BTW, I’d very much like to thank Mark Baltzegar for bringing many of these initiatives to my attention.

Posted:March 2, 2008

Glut: Information Underload for Information Overload

Wright’s Book Has Strong Scope, Disappointing Delivery

When I first saw the advanced blurb for Glut: Mastering Information through the Ages by Alex Wright I thought, “Wow, here is the book I have been looking for or wanting to write myself.” As the book jacket explains:

Spanning disciplines from evolutionary theory and cultural anthropology to the history of books, libraries and computer science, Wright weaves an intriguing narrative that connects such seemingly far-flung topics as insect colonies, Stone Age jewelry, medieval monasteries, Renaissance encyclopedias, early computer networks, and the World Wide Web. Finally, he pulls these threads together to reach a surprising conclusion, suggesting that the future of the information age may lie deep in our cultural past.

Wham, bang! The PR snaps with promise and scope!

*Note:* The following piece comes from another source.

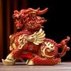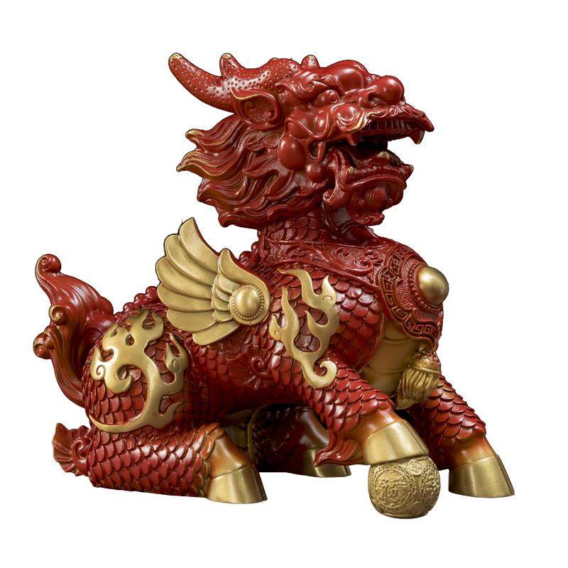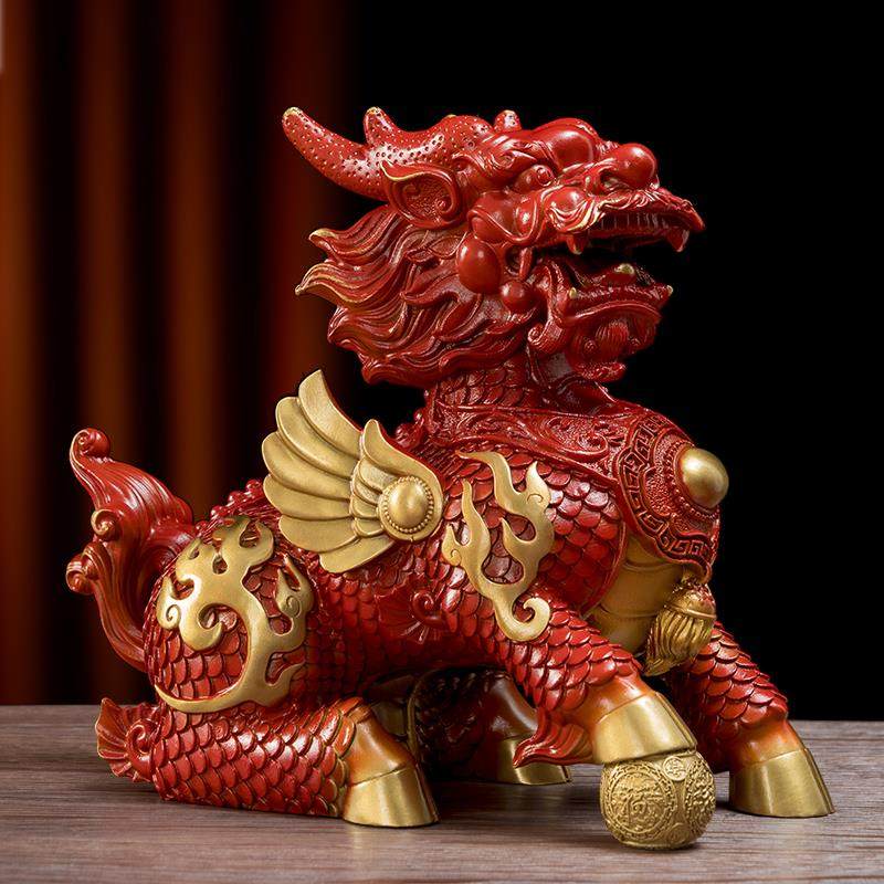 全铜火麒麟摆件公母一对红色公母纯铜黄铜家居办公室客厅玄关装饰

These are themes that have been my passion for decades, and I ordered the book as soon as it was announced. It was therefore with great anticipation that I cracked open the cover as soon as I received it. (BTW, the actual date of posting for this review is much later only because I left this review in draft for some months; itself an indication of how, unfortunately, I lost interest in it. 🙁 ).

Otlet is a Gem

The best aspect of Glut is the attention it brings to Paul Otlet, quite likely one of the most unique and overlooked innovators in information science in the 20th century. Frankly, I had only an inkling of who Otlet was prior to this book, and Wright provides a real service by bringing more attention to this forgotten hero.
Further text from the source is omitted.